Agricultural Research Service

Research Project: IPM TECHNOLOGIES FOR SUBTROPICAL INSECT PESTS

Location: Subtropical Insects and Horticulture Research

Title: Expressed sequence tag (EST) survey of life stages of the potato psyllid (Bactericera cockerelli) using 454 pyrosequencing

Authors
item Hail, D -
item Hunter, Wayne
item Dowd, S -
item Bextine, B -

Submitted to: Southwestern Entomologist
Publication Type: Peer Reviewed Journal
Publication Acceptance Date: September 23, 2010
Publication Date: October 8, 2010
Citation: Hail, D., Hunter, W.B., Dowd, S., Bextine, B.R. 2010. Expressed sequence tag (EST) survey of life stages of the potato psyllid (Bactericera cockerelli) using 454 pyrosequencing. Southwestern Entomologist. 35:463-466.

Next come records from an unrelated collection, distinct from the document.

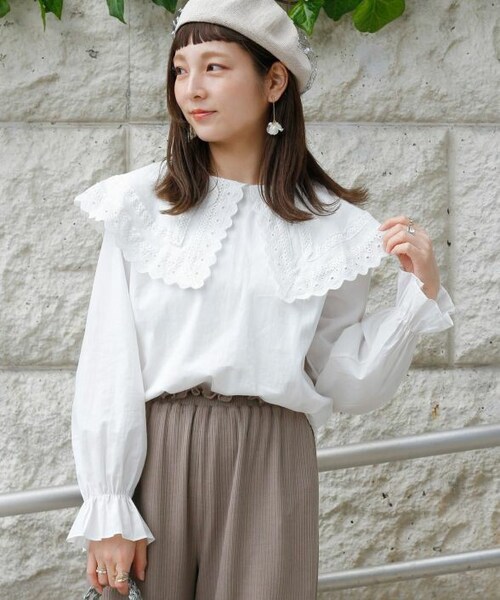 大きな襟が目を惹くブラウス。 トレンド感のあるレースカラーが大人フェミニンな印象にしてくれます。 キャンディースリーブで女性らしさをプラス。 トップスとしてのメイン使いはもちろん、 スウェットとのレイヤードスタイルもおすすめです。 袖口のフリル部分はゴム仕様でブラウジングも可能です。 バックボタン付きで着脱しやすいのも嬉しいポイント。 肌触りの良いコットン100%。 軽い着心地で、今の季節に活躍の1枚です。 - - - - - - - - - - - - - - - - - - - - - - - - - - - - - - - - - 透け感:ややあり 裏地:なし 伸縮性:なし 光沢感:なし - - - - - - - - - - - - - - - - - - - - - - - - - - - - - - - - -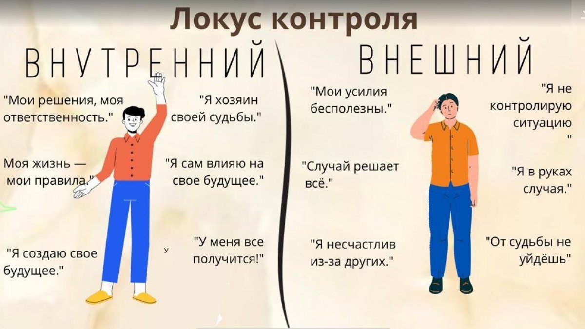 Локус контроля представляет собой концепцию, определяющую степень, в которой индивиду кажется, что он контролирует свою жизнь и происходящее вокруг. Выделяют два типа локуса контроля: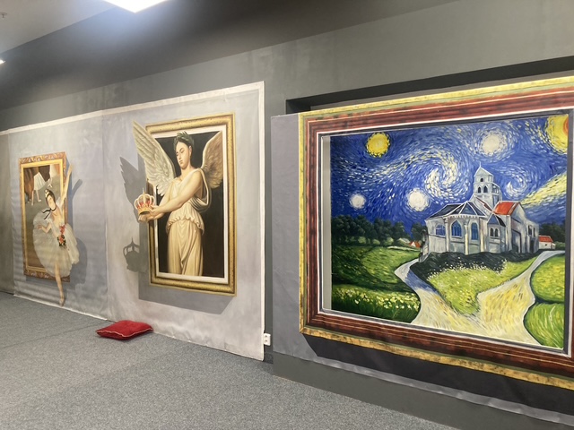 A festmények nem körbekerített kiállítási tárgyak, nincsenek zord teremőrök, akik ránk szólnak, ha túl közel merészkedünk egy-egy drága műtárgyhoz, netalántán szelfit készítünk a falon függő képpel. Sőt! Nincsenek drága műtárgyak, a mobilt pedig szinte kötelező kézben tartani.

Interpretive Summary: Identification of genes from psyllids provides new approaches to reduce these serious agricultural insect pests. Psyllids transmit bacterial pathogens of many important fruit and vegetable crops. The potato psyllid is an insect pest of Solanaceous plants, like potato and tomato, and has recently become of interest because of its association with Zebra Chip, an immerging potato disease in the US. Genomic information on the potato psyllid is limited but could be used to develop novel management strategies for the insect and the disease. To that end, genetic information was isolated from these insects. We identified genes which function in structure and muscle, neurological and reproductive developmental processes, stress response, and primary metabolism. We also identified the presence of microbial, viral and fungal symbionts or pathogens in the potato psyllid. Psyllid specific sequences were selected which affect psyllid development and reproduction for further evaluations as candidates for use in RNA-interference approaches to suppress psyllid populations and subsequently reduce the spread of bacteria transmission in the field.

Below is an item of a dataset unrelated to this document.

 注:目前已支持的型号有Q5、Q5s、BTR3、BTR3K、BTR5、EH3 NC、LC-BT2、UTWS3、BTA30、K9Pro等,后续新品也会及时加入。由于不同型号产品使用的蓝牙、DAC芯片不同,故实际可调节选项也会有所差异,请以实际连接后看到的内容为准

Technical Abstract: A genomics approach was used to identify genes from the transcriptome of the potato psyllid, Bactericera cockerelli (Hemiptera: Psyllidae). Psyllids have gained attention due to the bacterial pathogens they transmit within the Candidatus Liberibacter species complex, which limits production of many important fruit and vegetable crops. The potato psyllid feeds primarily from Solanaceous plants, like potato and tomato and is the vector of Can. Liberibacter psyllaurous associated with Zebra Chip, an emerging potato disease in the US. Genomic information on the potato psyllid is limited but could be used to develop novel management strategies for the insect and the disease. To that end, genetic information was isolated from these insects. The cDNA libraries were prepared for the 5th instar and adult life stages using the Roche 454 platform sequencing. Within the 106K plus sequences were significant homologies for house-keeping genes, as well as reproductive and developmental processes, stress response, ion transporters, nucleic acid binding and primary metabolism. Sequences aligning to microbes included (Mycobacterium, Xanthomonas, Dictyostelium, Wigglesworthia, Corynebacterium), virus (Eggplant mosaic virus, Enterobacteria phage, Pepper mild mottle virus, Zucchini yellow mosaic virus) and fungi (Emericella, Encephalitozoon, Aspergillus) along with known symbionts. Genomic data was submitted to the public database at NCBI, http://www.ncbi.nlm.nih.gov/sites/entrez?Db=genomeprj&cmd=ShowDetailView&TermToSearch=29473 and at the International Psyllid Genome Consortium database, http://www.uttyler.edu/psyllidgenomics/Home.html. From these data psyllid specific sequences were selected which affect psyllid development and reproduction for further evaluations as candidates for use in RNA-interference approaches to suppress psyllid populations and subsequently bacterium transmission.